I am learning the concept of generating functions and am working on the following problem:
Let $r(n)$ be the number of $n$-permutations whose square is the identity permutation. We proved that $$r(n+2)=r(n+1)+(n+1)r(n)$$ if $n\geq 0$, while $r(0)=r(1)=1$. Use this recurrence relation to find an explicit formula for the generating function $R(x)=\sum_{n\geq 0} r(n)\frac{x^n}{n!}$.
I have two questions:
How do we know when to use an exponential generating function vs. when to use an ordinary generating function? I'm guessing it has something to do with $n\cdot r(n)$ vs. $c\cdot r(n)$ where $c$ is some constant.

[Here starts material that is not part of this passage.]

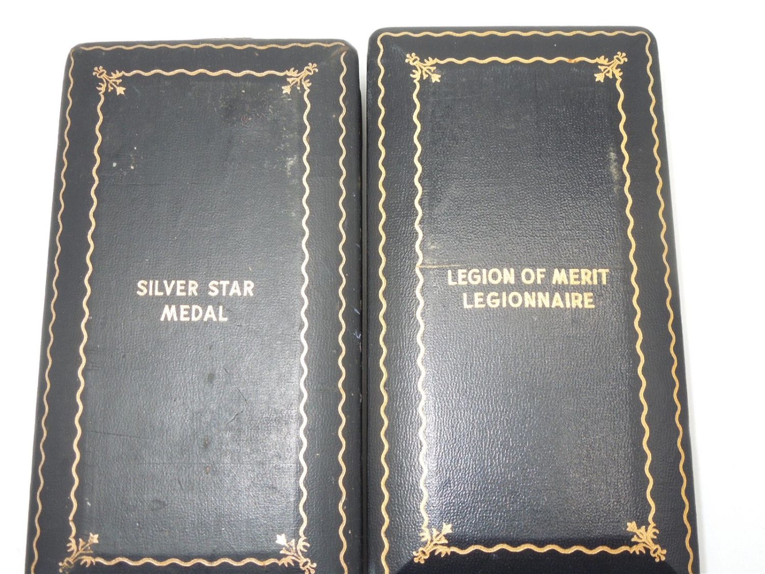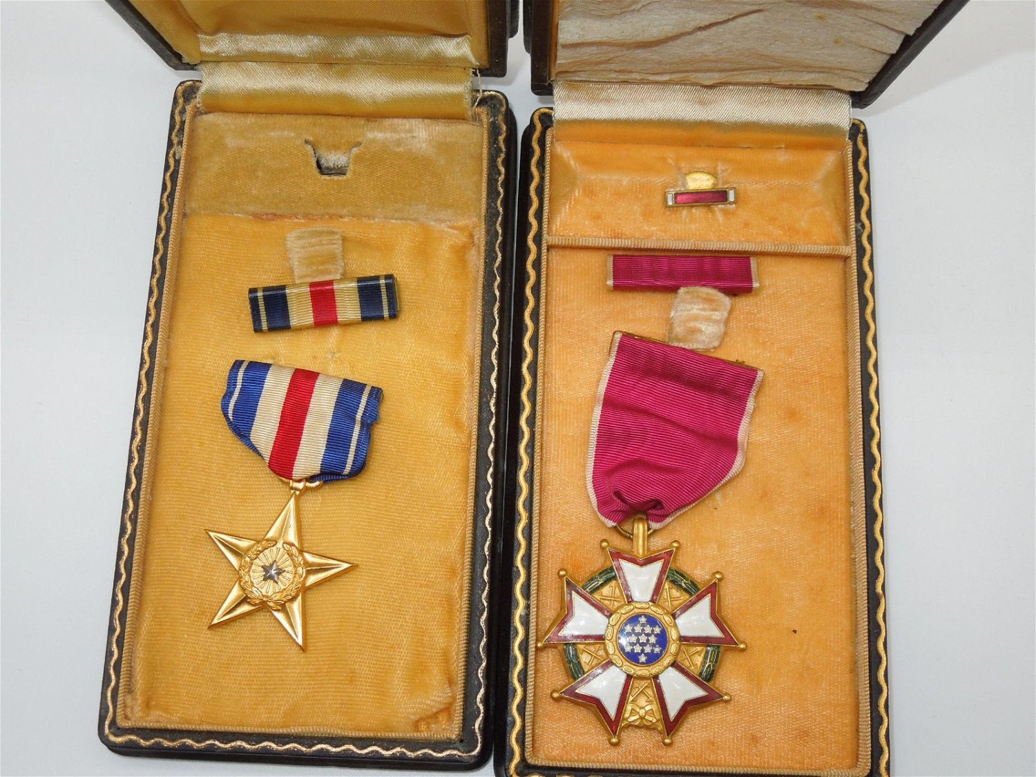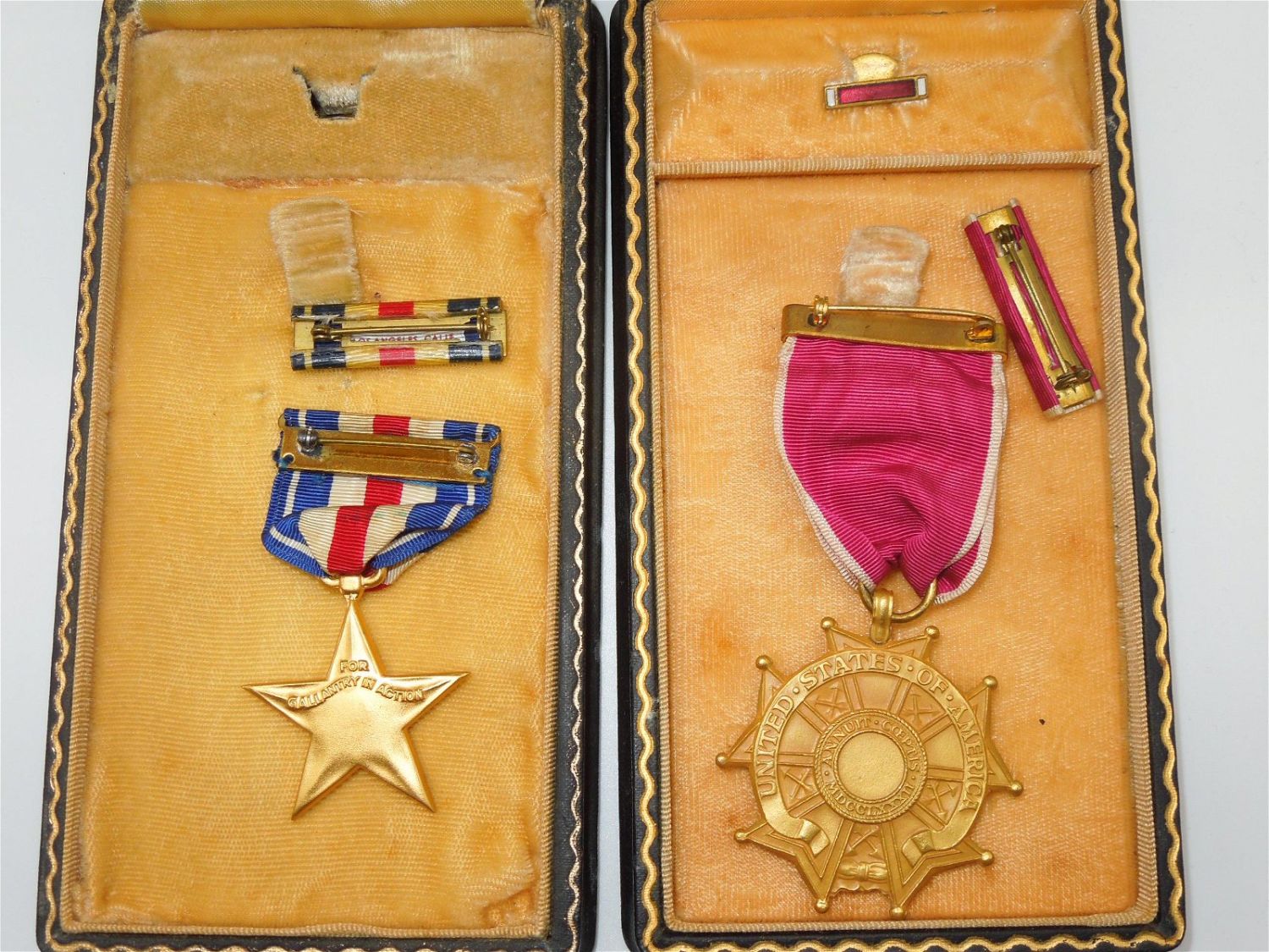 Lot of two original WWII medals as shown with the Legion of Merit having a wrap brooch and the Silver Star a slot brooch. They come in the leatherette cases and are in good condition.

I followed the usual routine of multiplying both sides of the recurrence relation by $\frac{x^n}{n!}$ and summing over all $n\geq 0$ to get $$\sum_{n\geq 0}r(n+2)\frac{x^n}{n!}=\sum_{n\geq 0}r(n+1)\frac{x^n}{n!}+\sum_{n\geq 0}(n+1)r(n)\frac{x^n}{n!}$$ which can be written as $$\sum_{n\geq 0}r(n+2)\frac{x^n}{n!}=\sum_{n\geq 0}r(n+1)\frac{x^n}{n!}+\sum_{n\geq 0}nr(n)\frac{x^n}{n!}+\sum_{n\geq 0}r(n)\frac{x^n}{n!}$$ Notice that $$R'(x)=\sum_{n\geq 1} r(n)\frac{nx^{n-1}}{n!}=\sum_{n\geq 0} r(n+1)\frac{(n+1)x^{n}}{(n+1)!}=\sum_{n\geq 0} r(n+1)\frac{x^{n}}{n!}$$ and $$R''(x)=\sum_{n\geq 2} r(n)\frac{n(n-1)x^{n-2}}{n!}=\sum_{n\geq 0} r(n+2)\frac{(n+2)(n+1)x^{n}}{(n+2)!}=\sum_{n\geq 0} r(n+2)\frac{x^{n}}{n!}$$ and $$xR'(x)=x\sum_{n\geq 1} r(n)\frac{nx^{n-1}}{n!}=\sum_{n\geq 0} r(n)\frac{nx^{n}}{n!}$$ Hence, $$R''(x)=R'(x)+xR'(x)+R(x)$$ $$R''(x)-(1+x)R'(x)-R(x)=0$$ This differential equation can be solved using the power series method. Indeed, suppose $R(x)=\sum_{k\geq 0}a_kx^k$. Substitution into the differential equation gives, $$\sum_{k\geq 2}a_kk(k-1)x^{k-2}-(1+x)\sum_{k\geq 1}a_kkx^{k-1}-\sum_{k\geq 0}a_kx^k=0$$ which can be simplified to $$\sum_{k\geq 0}\left[a_{k+2}(k+2)(k+1)-a_{k+1}(k+1)-a_kk-a_k\right] x^k=0$$ Hence we must have $$a_{k+2}(k+2)(k+1)-a_{k+1}(k+1)-a_kk-a_k=0$$ for $k\geq 0$. In other words, $$a_{k+2}=\frac{a_{k+1}(k+1)+a_k(k+1)}{(k+2)(k+1)}$$ for $k\geq 0$.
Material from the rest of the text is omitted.